Je voulais rire, mais mon corps ne m'obéissait pas. Après avoir entendu la porte se fermer, je recommençai à cogiter. J'avais reconnu la voix de l'homme dans ma chambre, je savais que c'était Edward, cependant je ne savais toujours pas où j'étais ni ce qui s'était passé pour que je sois dans cet état.

Encore fatiguée, je sombrai à nouveau dans le sommeil, consciente cette fois qu'il y aurait un nouveau réveil.

-Salut beauté !

Cet éclat de voix me fit sursauter, et l'inconnu s'en aperçut parce qu'il s'excusa.

-Excuse-moi Bella, je ne voulais pas te faire peur. Tu sais si Rose est passée ? Elle voulait amener Elisabeth voir Mary-Bel, mais je ne l'ai pas vue. Mais bon, tu la connais, elle donne une tranche d'heures et se pointe à un tout autre moment !

Il continua à monologuer, tandis que je réussissais à mettre un visage sur les noms dont parlait Emmett : sa femme Rosalie, sa fille Elisabeth. Il mentionna aussi Alice, qui était passée et qui m'avait apporté un énième nounours géant. Peu à peu, mes idées se faisaient plus claires, les souvenirs me revenaient. Je revoyais ma mère, le meurtre de San Francisco, les agents Appledown et Stattle, ma vie chez les Cullen, la traque du clan Connor… Jusqu'à mon accouchement.

-Calme-toi Bella, tu affoles le moniteur cardiaque, me rabroua gentiment Emmett. Tu es en sécurité, à l'hôpital. Edward ne devrait pas tarder à finir ses consultations.

Un couinement attira mon attention, et cette fois, je pris pleinement conscience que c'était ma fille. Comment Edward l'avait-il appelée ?

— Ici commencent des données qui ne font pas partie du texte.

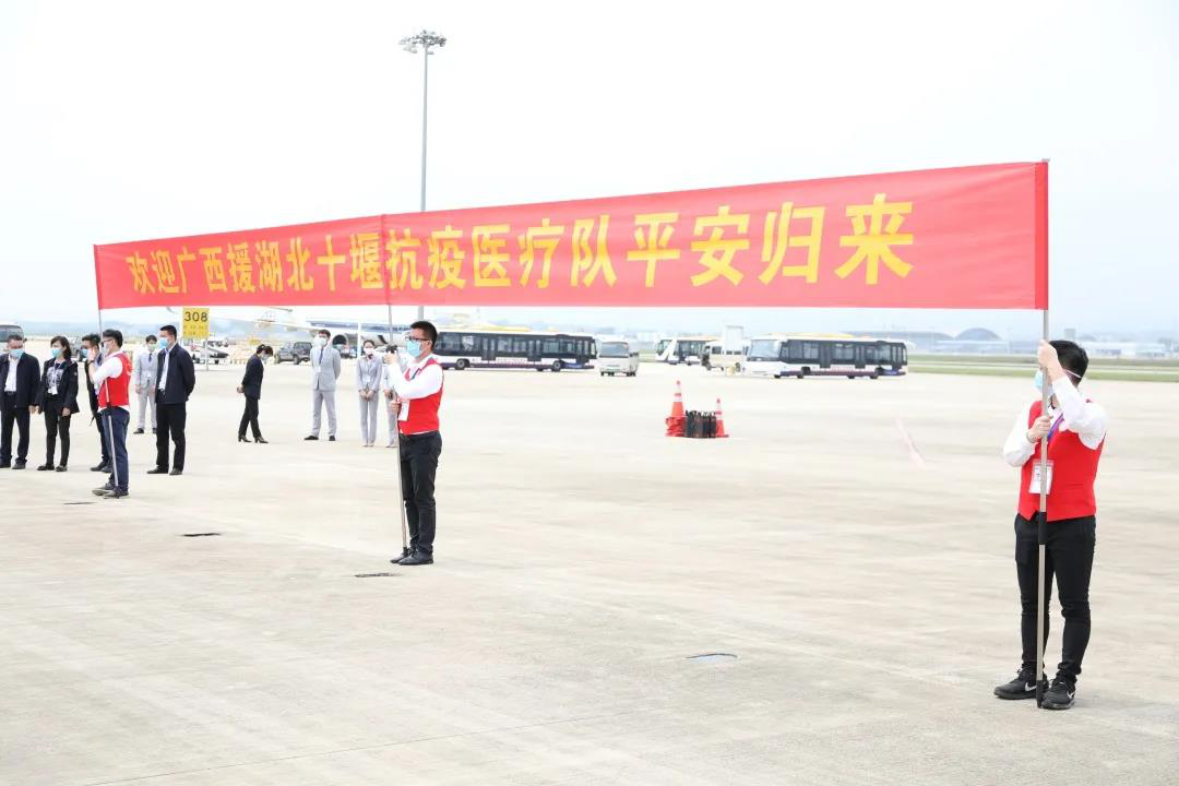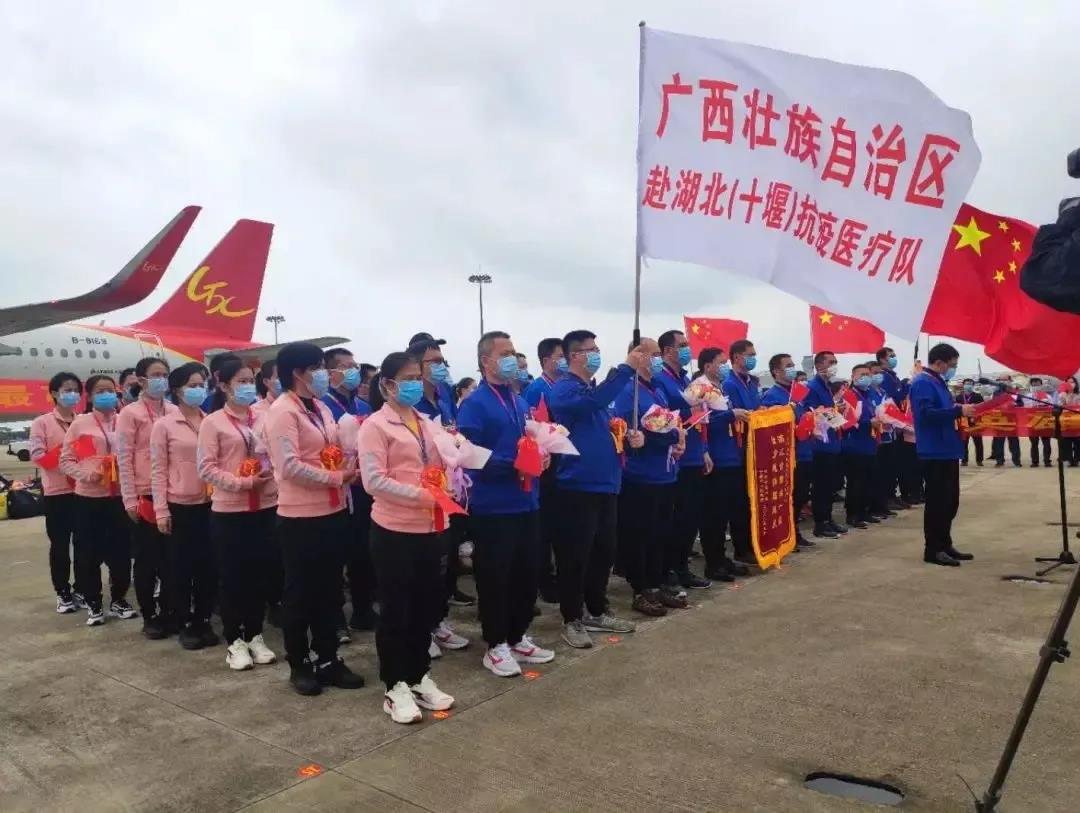春暖花开时,十堰“桂”人归。3月21日上午,Beat365援助湖北十堰市的11名医疗队员平安回到南宁。
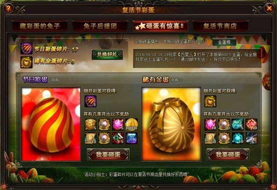 复活节期间,鼎鼎大名的“越狱兔”携三个同伙“兔湿基”“兔八锅”“牛虻兔”在女神大陆上疯狂逃窜,随着他们的一阵胡作非为,女神大陆上散落了许多复活节彩蛋,各位英雄们只需寻找到那些彩蛋即可获得丰厚的奖励,若您足够幸运寻找到金蛋还有机会获得复活节限量版坐骑和时装哦!
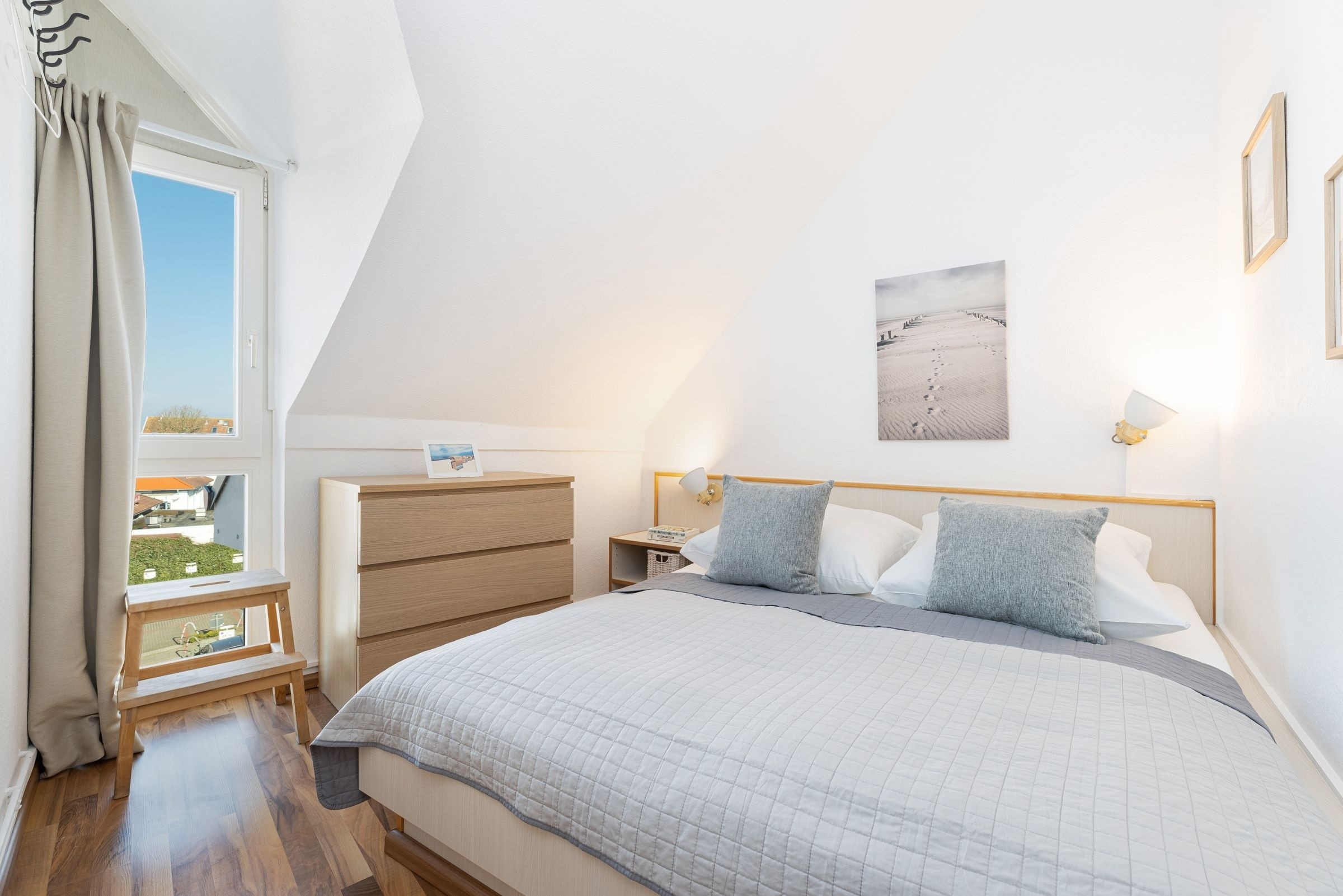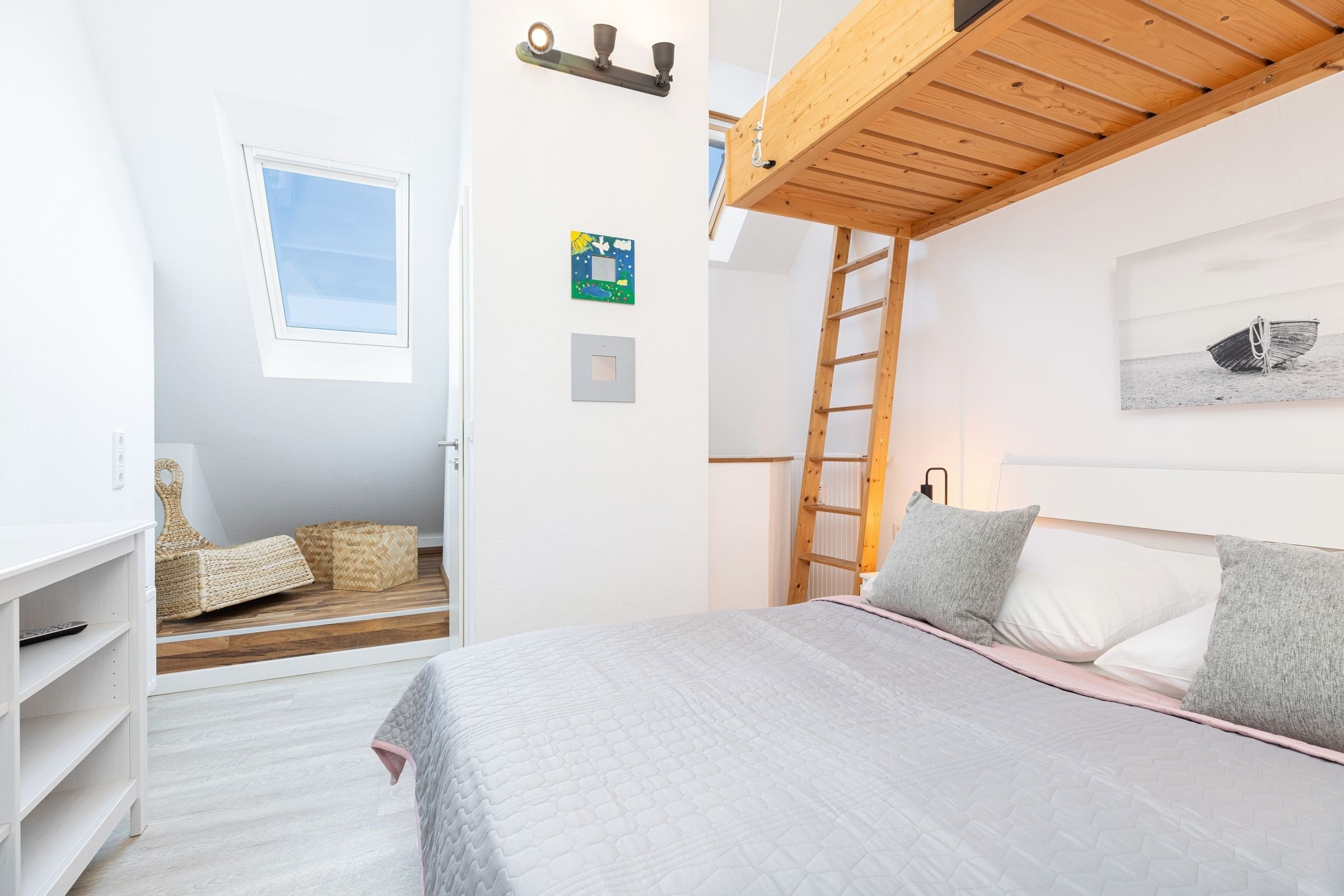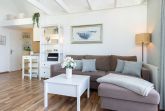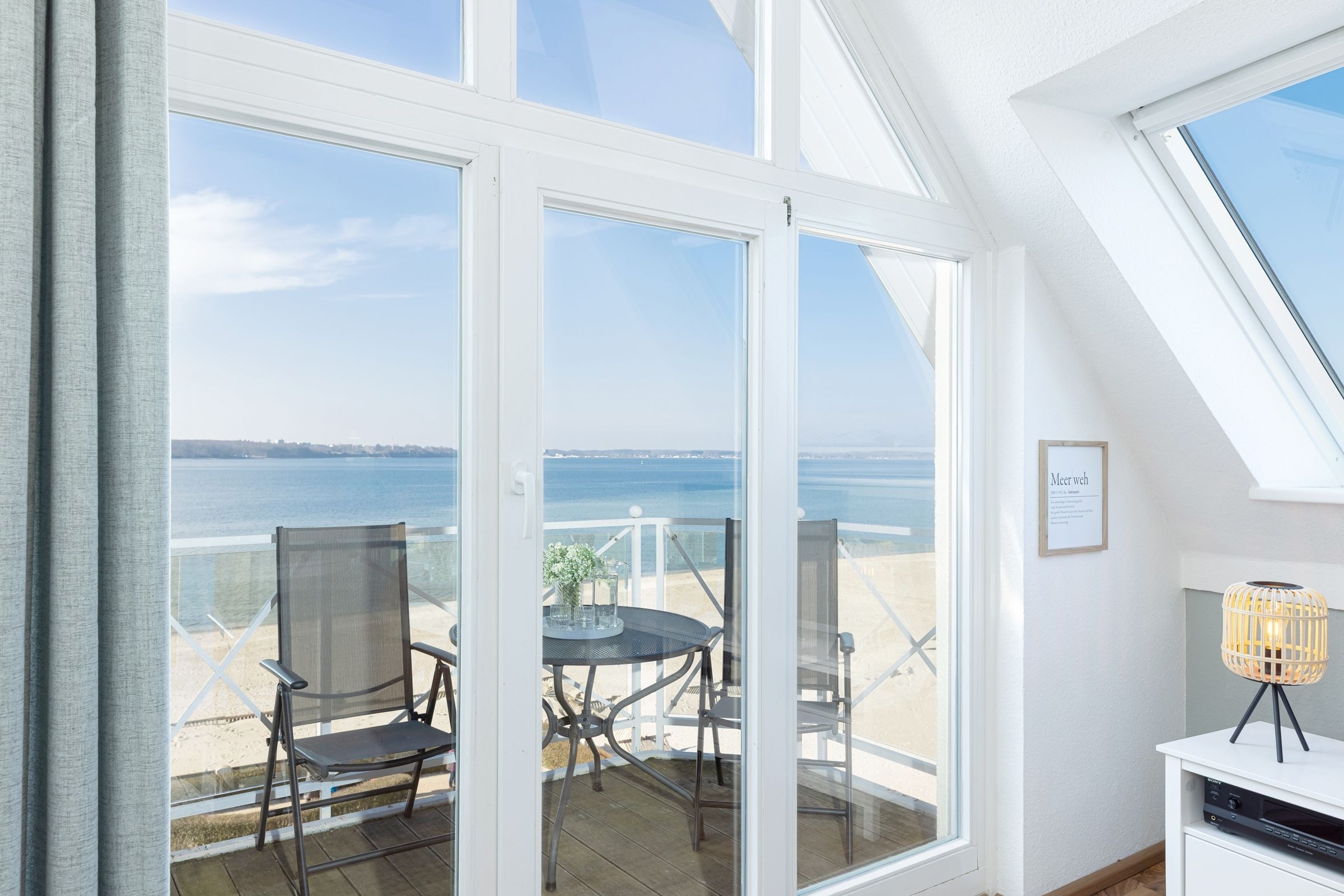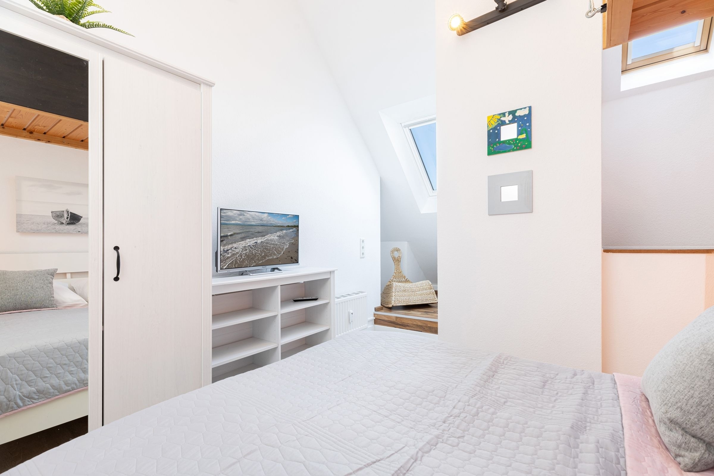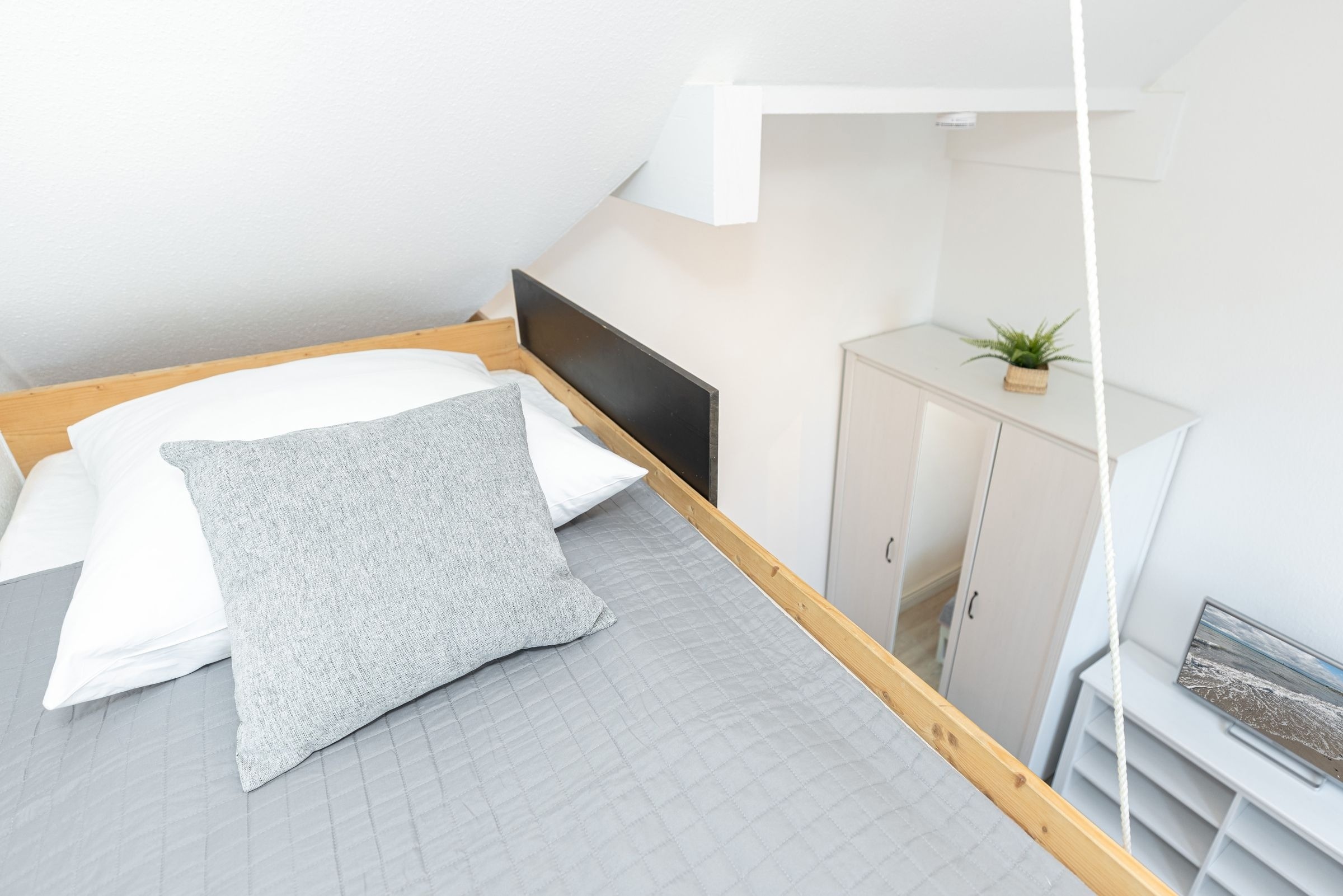 Im offenen Wohn- und Essbereich, welcher sich an die Küchenzeile anschließt, befindet sich ein Esstisch mit vier Stühlen, ein modernes Eck-Sofa, ein Flachbild-Fernseher, ein DVD- sowie ein CD-Radio-Player. Vom Wohnzimmer aus gelangen Sie auf den möblierten Balkon mit einzigartigem Strand- und Fördeblick. Von hier aus lassen der Trubel auf der Strandpromenade und am Strand sowie der Schiffsverkehr betrachten. Abends können Sie die wunderschönen Sonnenuntergänge genießen. An den Wohn- und Essbereich grenzt ein Schlafzimmer mit einem Doppelbett (160x200 cm) an. Das danebenliegende geräumige Badezimmer ist mit einem großen Waschtisch nebst Panoramaspiegel, einer Duschkabine und einem WC ausgestattet und bietet zahlreiche Ablagemöglichkeiten. Über die Wendeltreppe gelangen Sie in die obere Etage, in der sich ein weiteres Schlafzimmer befindet. Dieses verfügt ebenfalls über ein Doppelbett (160x200 cm), einen Kleiderschrank, eine Kommode sowie einen weiteren Flachbild-Fernseher. Zudem ist dort ein Einzel-Hochbett für Kinder installiert, welches diese über eine kleine Leiter erreichen.

-Regarde Mary-Bel, voilà papa !

Mary-Bel, c'était ça !

-Ed', t'as vu ?

Ce dernier grogna, appréciant peu ce genre de surnoms, avant de se rapprocher de moi. Je voulais le voir. Je voulais enfin voir ma fille, la prendre dans mes bras, la toucher, la sentir… Une caresse sur ma main m'incita à essayer à nouveau d'ouvrir les yeux. Je me concentrai sur mes sensations, sur chaque tressaillement de mes muscles, sur ma respiration, et peu à peu, mes paupières réussirent à se soulever, battement après battement, pour révéler le visage radieux d'Edward. Le silence régnait dans la chambre, un instant de flottement, jusqu'à ce qu'Edward se jette contre moi en gloussant.